Ohne eine derart detaillierte Protokollierung wäre das Debuggen die Hölle. Wenn eine Anfrage fehlschlägt, müssen Sie wissen, in welcher Phase dies geschehen ist und warum.

Das Antwortformat der IWF-API verdient besondere Erwähnung. Sie verwenden SDMX-JSON, ein „Standard“-Format für den Austausch statistischer Daten. In der Praxis erwies sich das als ziemlich mühsam.

def _parse_response_data(self, data: Dict) -> pd.DataFrame:
    records = []
    
    try:
        compact_data = data['CompactData']
        dataset = compact_data['DataSet']
        
        if 'Series' not in dataset:
            return pd.DataFrame()
        
        series_list = dataset['Series']
        # API can return a single series as an object or an array of series as a list
        if not isinstance(series_list, list):
            series_list = [series_list]
        
        for series in series_list:
            # All attributes are marked with the '@' symbol - this needs to be processed
            series_attrs = {k.replace('@', ''): v for k, v in series.items() 
                          if k.startswith('@')}
            
            obs_list = series.get('Obs', [])
            if not isinstance(obs_list, list):
                obs_list = [obs_list]
            
            for obs in obs_list:
                if isinstance(obs, dict):
                    record = series_attrs.copy()
                    record.update({
                        'year': obs.get('@TIME_PERIOD', ''),
                        'value': obs.get('@OBS_VALUE', ''),
                        'status': obs.get('@OBS_STATUS', '')
                    })
                    records.append(record)
        
        df = pd.DataFrame(records)
        
        if 'value' in df.columns:
            df['value'] = pd.to_numeric(df['value'], errors='coerce')
        
        if 'year' in df.columns:
            df['year'] = pd.to_numeric(df['year'], errors='coerce')
        
        return df
        
    except Exception as e:
        logger.error(f"Error parsing SDMX-JSON response: {e}")
        return pd.DataFrame()

Alle Attribute in SDMX-JSON sind mit dem Symbol „@“ gekennzeichnet, was bei der Arbeit mit den Daten zu Unannehmlichkeiten führt. Außerdem kann die API eine Datenreihe als Objekt oder mehrere Reihen als Array zurückgeben – auch dies muss verarbeitet werden.

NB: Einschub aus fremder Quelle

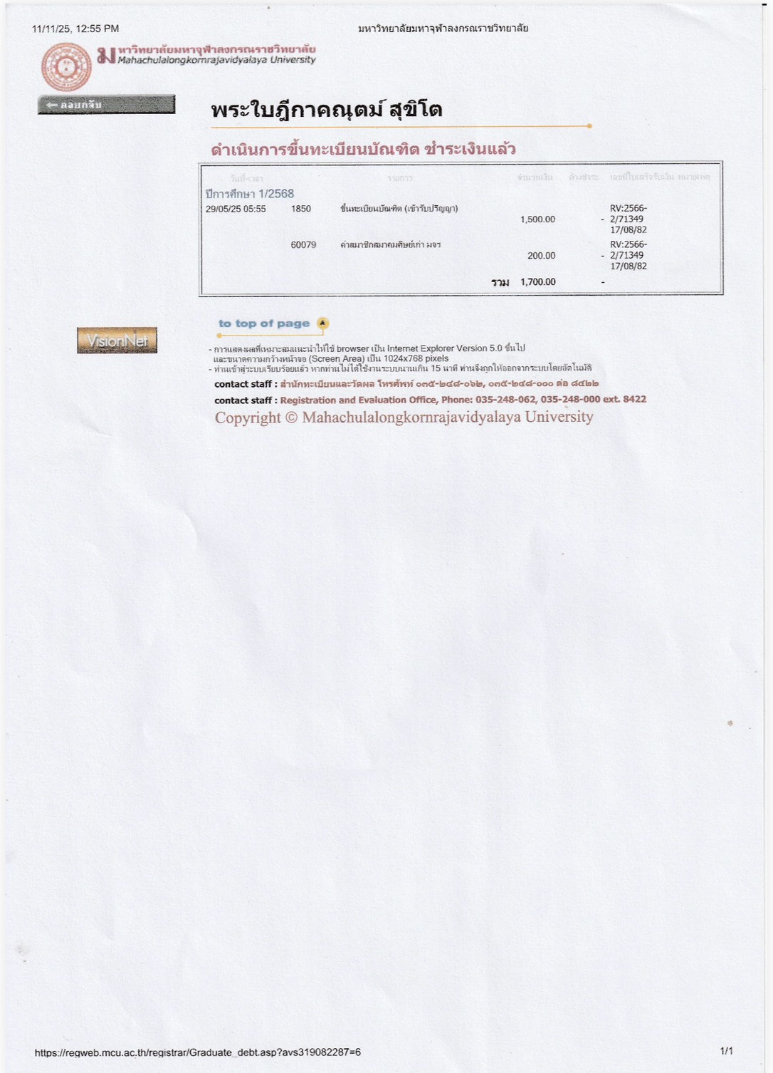 | สถานะเข้าพิธีประสาทปริญญา : บรรพชิต | ระดับ : ปริญญาตรี | สังกัดคณะ: คณะสังคมศาสตร์ | สาขาวิชา: การจัดการเชิงพุทธ |

Ein weiteres Problem: Manchmal gibt die API Daten ohne den Abschnitt „Obs“ zurück, manchmal mit einem leeren „Obs“, manchmal enthält „Obs“ keine Liste, sondern ein einzelnes Objekt. Jeder Fall muss separat bearbeitet werden.

Wenn keine aktuellen Inflationsdaten vorliegen, verwende ich für jedes Land typische Werte:

def _approximate_inflation_adjustment(self) -> Dict:
    logger.info("Using approximate inflation adjustment...")
    
    # Typical inflation rates 2020-2024 (based on historical data)
    typical_inflation = {
        'US': 4.5,   # US: Relatively high inflation due to stimulus
        'U2': 3.8,   # Eurozone: Moderate inflation
        'GB': 4.2,   # UK: Brexit + energy crisis
        'JP': 1.8,   # Japan: Traditionally low inflation
        'AU': 4.1,   # Australia: Commodity inflation
        'CA': 3.9,   # Canada: close to the US
        'CH': 2.1,   # Switzerland: Low inflation
        'NZ': 4.0    # New Zealand: Moderate inflation
    }
    
    inflation_adjusted = {}
    
    for country, base_rate in self.base_rates_2020.items():
        us_inflation = typical_inflation.get('US', 4.5)
        country_inflation = typical_inflation.get(country, 3.5)
        
        inflation_differential = us_inflation - country_inflation
        adjustment_factor = 1 + (inflation_differential / 100)
        adjusted_rate = base_rate * adjustment_factor
        
        inflation_adjusted[country] = {
            'inflation_adjusted_rate': adjusted_rate,
            'base_rate_2020': base_rate,
            'inflation_differential': inflation_differential,
            'method': 'approximate_inflation'
        }
        
        logger.info(f"{country}: Approx inflation diff {inflation_differential:+.2f}pp")
    
    return inflation_adjusted

Ich habe diese Zahlen aus verschiedenen Quellen zusammengetragen und den Durchschnittswert für den Zeitraum 2020–2024 berechnet. Sie sind zwar nicht vollkommen genau, liefern aber eine angemessene Annäherung für Länder, bei denen Daten fehlen.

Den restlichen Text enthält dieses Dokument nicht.